I am working on including a basis functions section for the supporting information of this first manuscript ("Configuration-sampling-based..."). Although basis functions are not essential for this paper, it might be nice to present it in multiple publications. I will let you know when I have a version that you can read. This can be added even after the NIST internal review is completed.

[ramess101]

@mrshirts

The Supporting Information now contains a thorough discussion about basis functions. When you get a chance to read it (no rush) let me know what you think. Some of the theory needs to be validated but the implementation section is consistent with what I have successfully used with GROMACS.

[mrshirts]

Taking a look today. One thing; I'd include the .gro,.top files etc as separate ASCII files instead of in the supporting information PDF.

[mrshirts]

It SEEMS like the energy components for the non- bonded CH3, CH2, or cross-interactions could be set up with the proper definition of energy groups in the .mdp.

[mrshirts]

Do you want to save the UQ in section S.V for the second paper? I don't know it belongs in the supporting information here - seems like it goes beyond the scope of the paper.

[ramess101]

Taking a look today. One thing; I'd include the .gro,.top files etc as separate ASCII files instead of in the supporting information PDF

OK, for the NIST review this seemed more convenient. But for the journal that would probably be better.

It SEEMS like the energy components for the non- bonded CH3, CH2, or cross-interactions could be set up with the proper definition of energy groups in the .mdp.

What do you mean exactly? Are you referring to how I use "group" instead of "verlet" cutoffs? Or that I am using vdwtype = user?

Do you want to save the UQ for the second paper? I don't know it belongs in the supporting information here - seems like it goes beyond the scope of the paper.

I agree that it doesn't belong in this paper. The reason I included it was because I wanted to show the butane contours for CH2 in Figure 10. Since I don't have any direct simulations with butane for comparison, I thought the butane contours are not really justified without some analysis. But perhaps it is sufficient to just show that the contours are similar to propane and that we can scan the parameter space very quickly because of this approach.

[mrshirts]

What do you mean exactly? Are you referring to how I use "group" instead of "verlet" cutoffs? Or that I am using vdwtype = user?

No, the mdp options energygrp-excl (which leave out some energy groups) and energygrps (which report interactions between different atoms differently) could be set in rerun to generate some of the energies. I don't know that it can be done NOW, but it could potentially be the place to do this in the future. Actually SOME of this could be done now to reduce the number of reruns required, but probably not all of it.

[mrshirts]

Hmm. Section S.IV.2 generally makes sense, though the algebra is hard to follow. I think that perhaps writing out the equations explicitly (in vector form) like Y = C_X Phi_X^Y, but with explicit terms would help make it easier to see. It might also help after each of these to provide a bit of information as to why a given set of rerun calculations are used, i.e. why they lead to the specific differences that are desired. This would particularly be important for the constraint virial terms.

[mrshirts]

You could potentially reduce the size and complexity of the table by just focusing on the set of 6 required for each atom type term, explaining that the other atom terms are set to zero there. Though it might not end up being that much clearer.

[ramess101]

No, the mdp options energygrp-excl (which leave out some energy groups) and energygrps (which report interactions between different atoms differently) could be set in rerun to generate some of the energies. I don't know that it can be done NOW, but it could potentially be the place to do this in the future. Actually SOME of this could be done now to reduce the number of reruns required, but probably not all of it.

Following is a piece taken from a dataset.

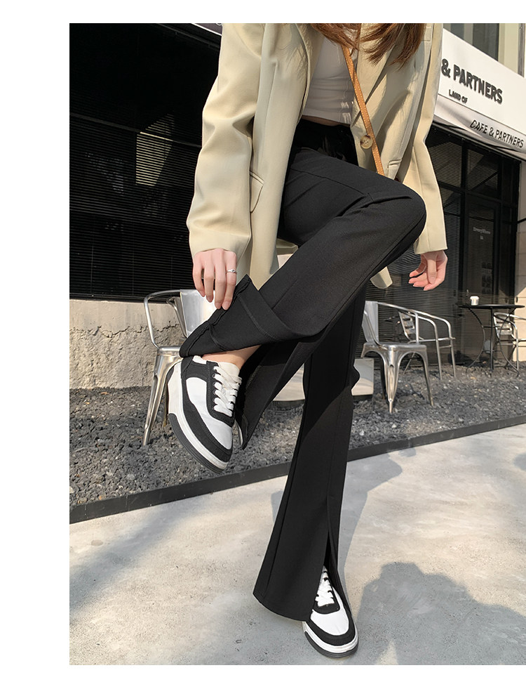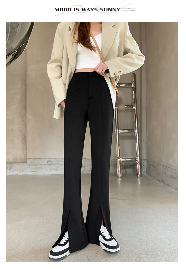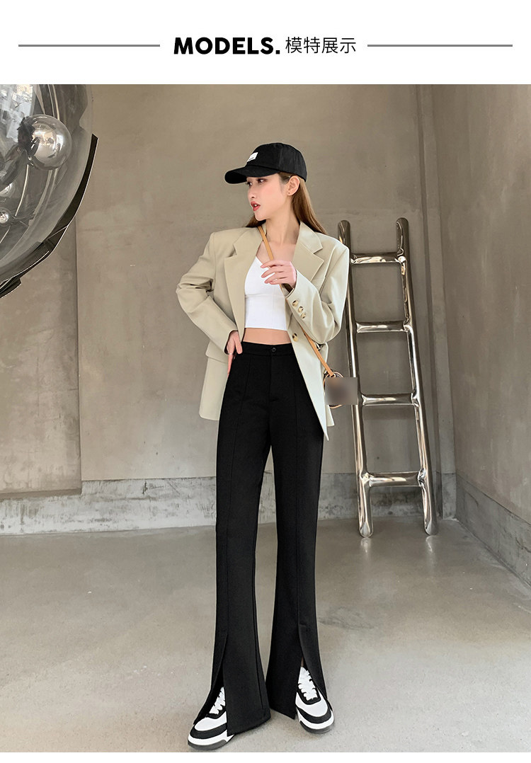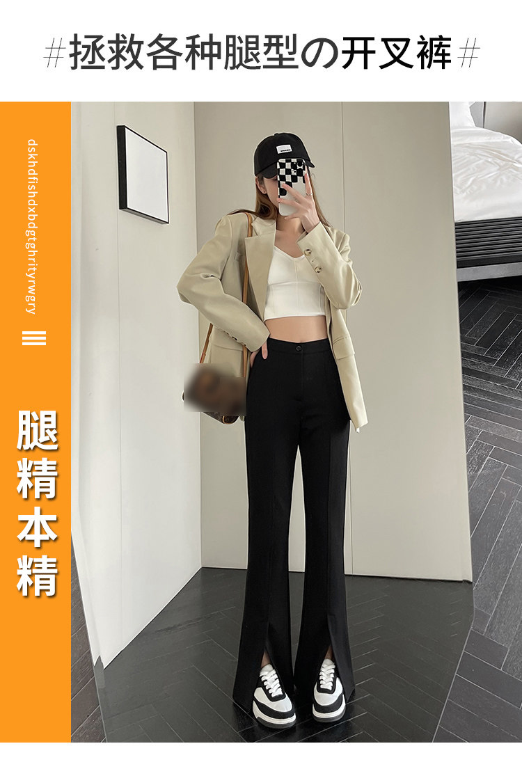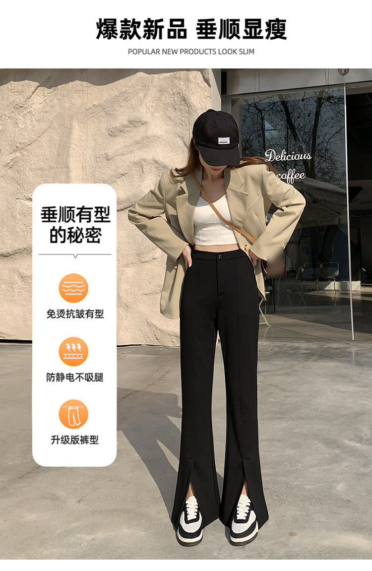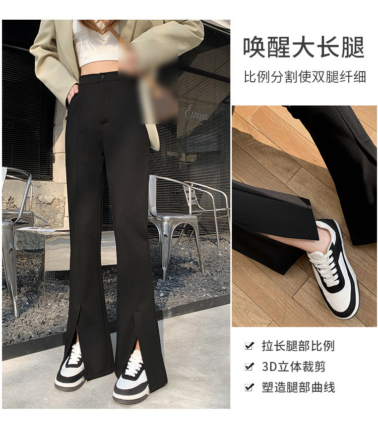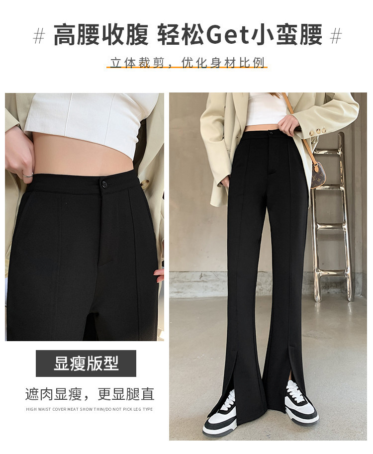 大碼女裝開叉高腰微喇叭褲2025新款秋季顯瘦休閒梨形身材濶腿長褲

OK, now I understand what you mean. It does sound like those features could reduce the number of reruns required. I need to become more familiar with them to see exactly what type of output they would provide.

[ramess101]

Hmm. Section S.IV.2 generally makes sense, though the algebra is hard to follow. I think that perhaps writing out the equations explicitly (in vector form) like Y = C_X Phi_X^Y, but with explicit terms would help make it easier to see.

So do you mean that I should substitute the Y, C_X, and Phi_X^Y matrices directly into the equations?

It might also help after each of these to provide a bit of information as to why a given set of rerun calculations are used, i.e. why they lead to the specific differences that are desired. This would particularly be important for the constraint virial terms.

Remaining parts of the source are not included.